Records supplied Block Start

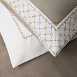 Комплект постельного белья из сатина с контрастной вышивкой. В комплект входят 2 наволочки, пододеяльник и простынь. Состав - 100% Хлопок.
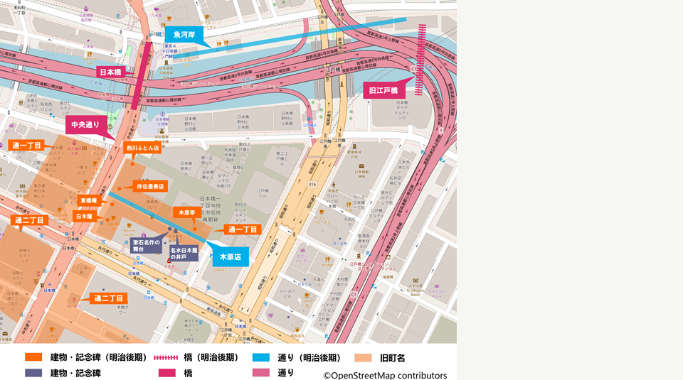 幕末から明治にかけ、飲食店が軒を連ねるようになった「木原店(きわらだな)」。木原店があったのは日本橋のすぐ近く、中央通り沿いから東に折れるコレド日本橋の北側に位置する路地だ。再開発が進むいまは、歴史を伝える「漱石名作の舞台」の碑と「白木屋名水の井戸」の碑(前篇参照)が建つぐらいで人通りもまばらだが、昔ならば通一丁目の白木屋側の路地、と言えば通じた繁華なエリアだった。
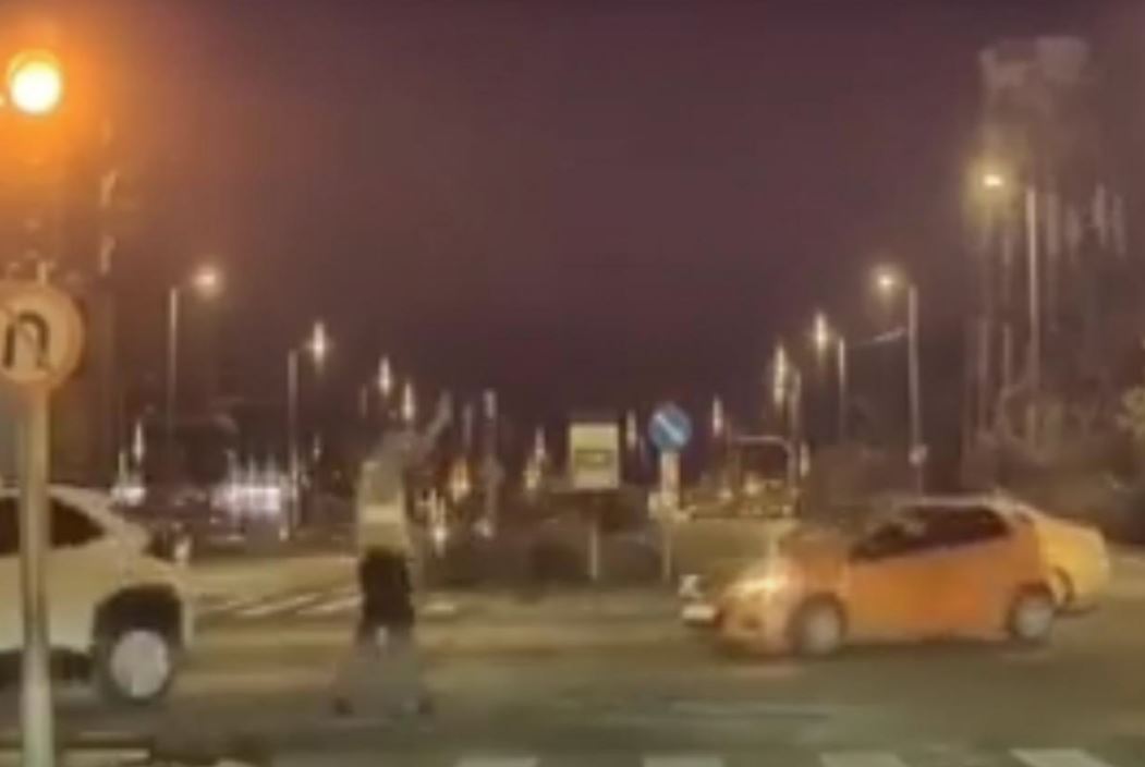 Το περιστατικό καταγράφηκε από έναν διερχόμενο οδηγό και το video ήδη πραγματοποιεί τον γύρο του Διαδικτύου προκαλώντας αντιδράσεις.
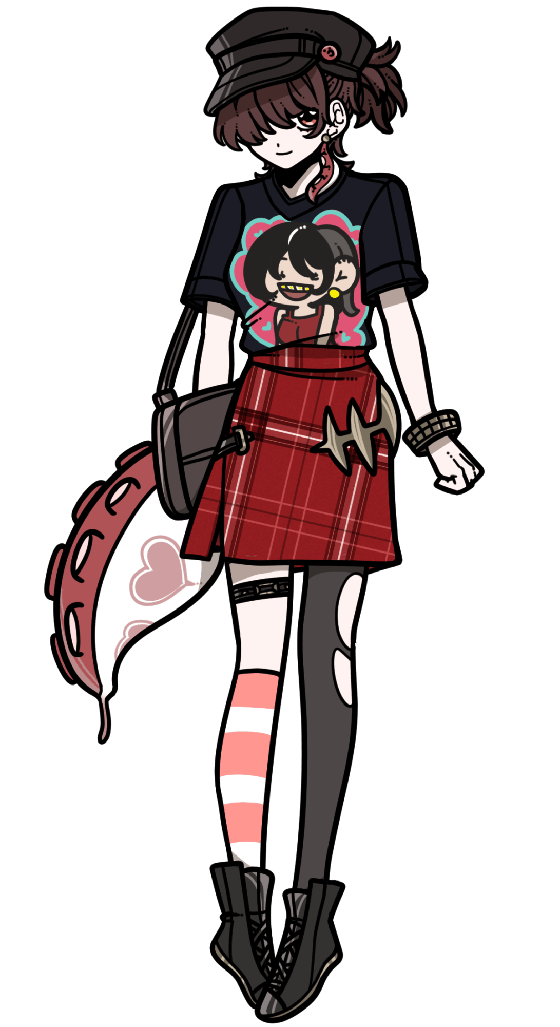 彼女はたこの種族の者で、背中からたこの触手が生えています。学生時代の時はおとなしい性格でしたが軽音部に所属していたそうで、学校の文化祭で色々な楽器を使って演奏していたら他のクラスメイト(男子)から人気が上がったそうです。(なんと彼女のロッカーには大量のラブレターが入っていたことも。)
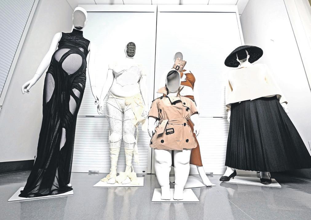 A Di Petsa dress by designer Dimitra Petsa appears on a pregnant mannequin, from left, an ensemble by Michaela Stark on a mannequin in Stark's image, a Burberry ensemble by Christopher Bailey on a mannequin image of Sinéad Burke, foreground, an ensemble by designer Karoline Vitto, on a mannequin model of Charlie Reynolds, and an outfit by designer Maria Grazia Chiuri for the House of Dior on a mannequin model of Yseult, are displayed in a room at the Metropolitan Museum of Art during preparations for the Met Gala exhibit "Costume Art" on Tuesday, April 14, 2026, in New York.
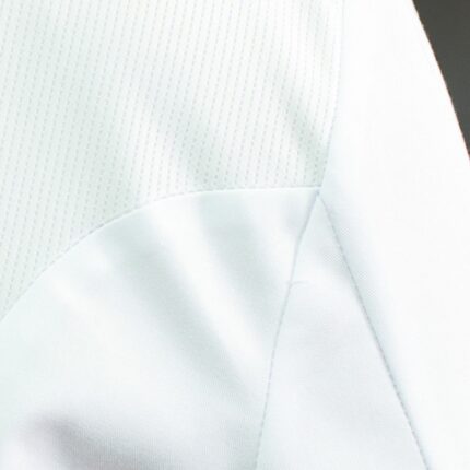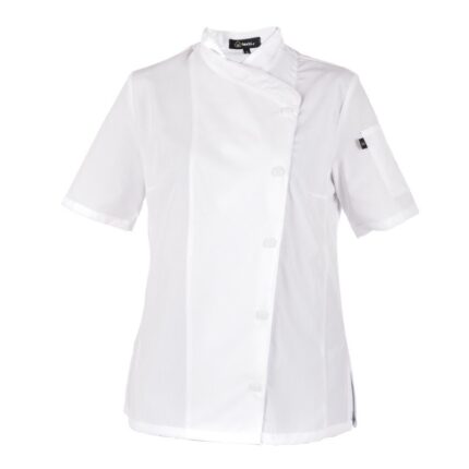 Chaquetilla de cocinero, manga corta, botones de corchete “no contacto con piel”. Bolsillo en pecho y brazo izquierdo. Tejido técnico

Records supplied Block End
Records supplied Block Start

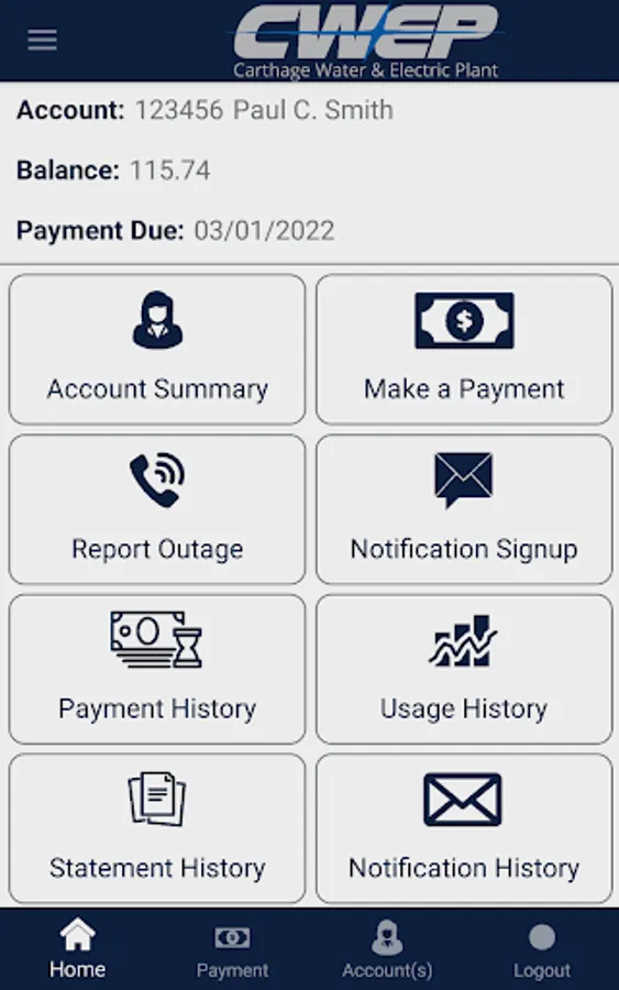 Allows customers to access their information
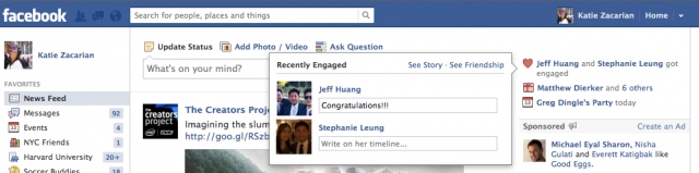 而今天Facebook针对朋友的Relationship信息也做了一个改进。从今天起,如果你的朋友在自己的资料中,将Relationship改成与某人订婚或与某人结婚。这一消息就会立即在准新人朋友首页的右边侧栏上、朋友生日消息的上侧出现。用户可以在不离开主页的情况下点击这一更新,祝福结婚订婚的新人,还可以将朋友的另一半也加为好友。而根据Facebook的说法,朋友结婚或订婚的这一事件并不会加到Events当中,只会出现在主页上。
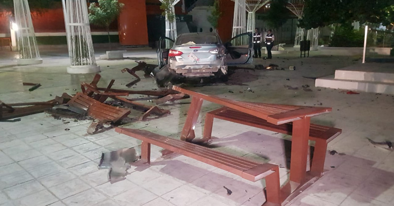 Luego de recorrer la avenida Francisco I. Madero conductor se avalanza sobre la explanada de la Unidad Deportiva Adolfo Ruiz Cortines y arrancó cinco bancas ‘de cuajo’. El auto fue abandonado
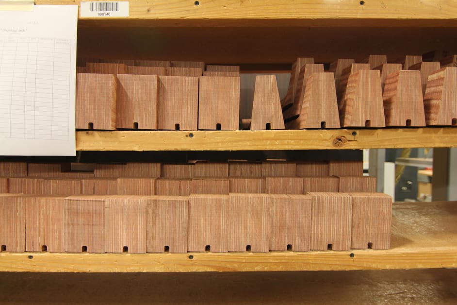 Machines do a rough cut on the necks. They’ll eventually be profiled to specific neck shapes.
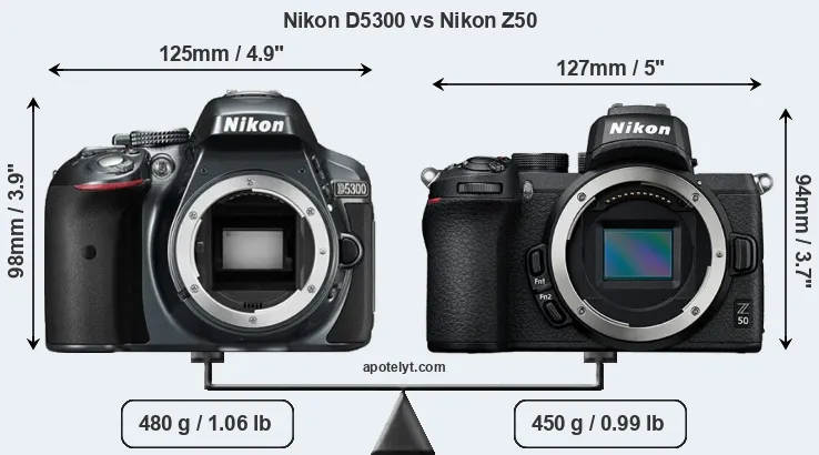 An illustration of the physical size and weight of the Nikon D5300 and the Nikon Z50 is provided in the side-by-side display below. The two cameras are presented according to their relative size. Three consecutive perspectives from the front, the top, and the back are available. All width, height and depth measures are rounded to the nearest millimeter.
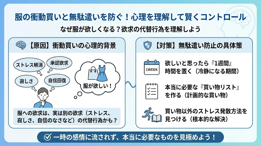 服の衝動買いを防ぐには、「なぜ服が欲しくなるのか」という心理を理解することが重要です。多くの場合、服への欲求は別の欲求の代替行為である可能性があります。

Records supplied Block End
Records supplied Block Start

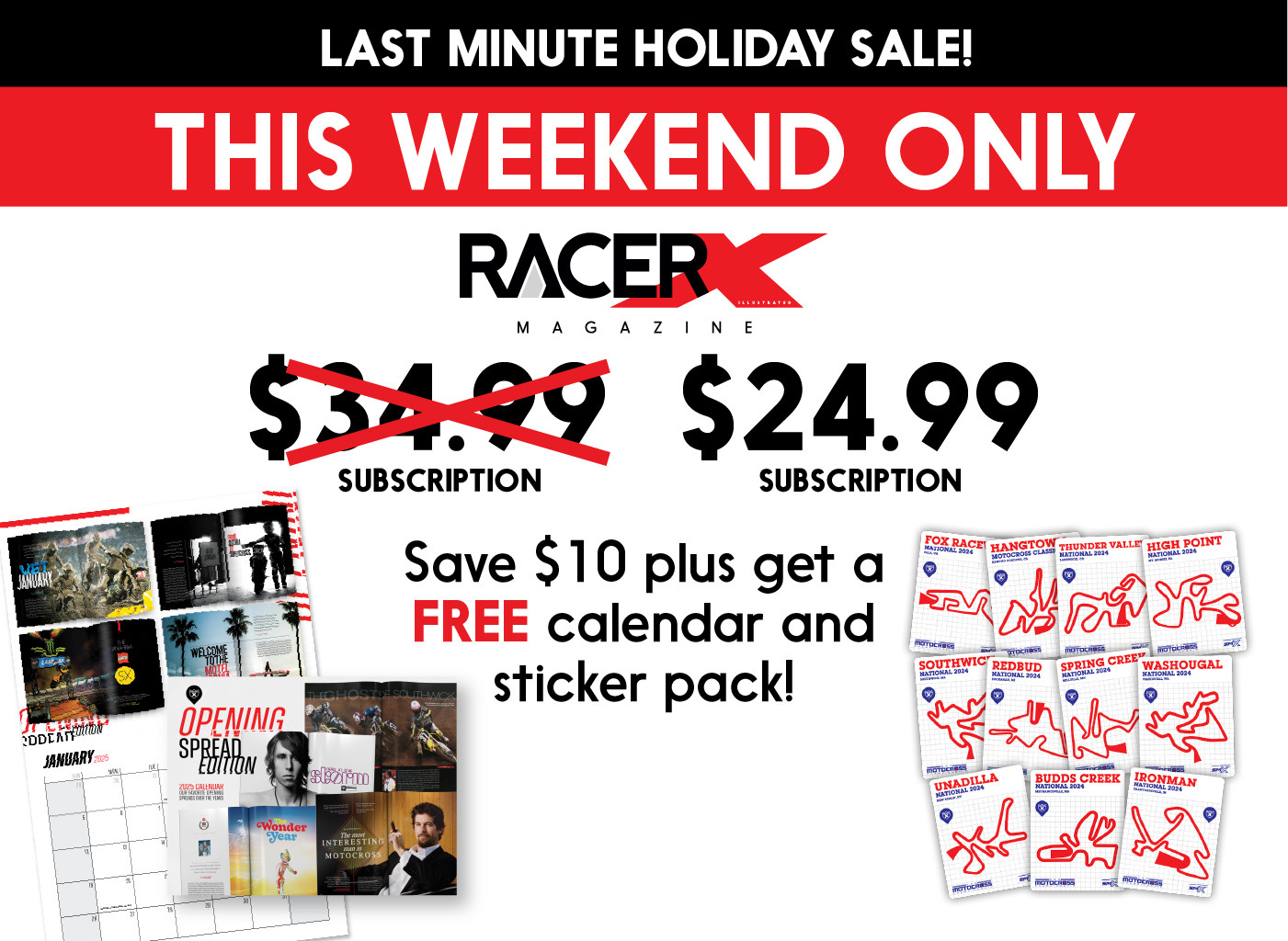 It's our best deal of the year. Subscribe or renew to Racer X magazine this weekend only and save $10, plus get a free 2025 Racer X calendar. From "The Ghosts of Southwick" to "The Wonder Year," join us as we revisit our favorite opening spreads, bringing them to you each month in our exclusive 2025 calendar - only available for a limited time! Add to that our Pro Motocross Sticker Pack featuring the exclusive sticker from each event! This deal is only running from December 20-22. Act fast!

Records supplied Block End

Within the listing above, write out the stretch from the line with "幕末から明治にかけ、飲食店が" through the line with "Chaquetilla de cocinero, manga" exactly. Any pictures are to be left out.

 幕末から明治にかけ、飲食店が軒を連ねるようになった「木原店(きわらだな)」。木原店があったのは日本橋のすぐ近く、中央通り沿いから東に折れるコレド日本橋の北側に位置する路地だ。再開発が進むいまは、歴史を伝える「漱石名作の舞台」の碑と「白木屋名水の井戸」の碑(前篇参照)が建つぐらいで人通りもまばらだが、昔ならば通一丁目の白木屋側の路地、と言えば通じた繁華なエリアだった。
 Το περιστατικό καταγράφηκε από έναν διερχόμενο οδηγό και το video ήδη πραγματοποιεί τον γύρο του Διαδικτύου προκαλώντας αντιδράσεις.
 彼女はたこの種族の者で、背中からたこの触手が生えています。学生時代の時はおとなしい性格でしたが軽音部に所属していたそうで、学校の文化祭で色々な楽器を使って演奏していたら他のクラスメイト(男子)から人気が上がったそうです。(なんと彼女のロッカーには大量のラブレターが入っていたことも。)
 A Di Petsa dress by designer Dimitra Petsa appears on a pregnant mannequin, from left, an ensemble by Michaela Stark on a mannequin in Stark's image, a Burberry ensemble by Christopher Bailey on a mannequin image of Sinéad Burke, foreground, an ensemble by designer Karoline Vitto, on a mannequin model of Charlie Reynolds, and an outfit by designer Maria Grazia Chiuri for the House of Dior on a mannequin model of Yseult, are displayed in a room at the Metropolitan Museum of Art during preparations for the Met Gala exhibit "Costume Art" on Tuesday, April 14, 2026, in New York.
 Chaquetilla de cocinero, manga corta, botones de corchete “no contacto con piel”. Bolsillo en pecho y brazo izquierdo. Tejido técnico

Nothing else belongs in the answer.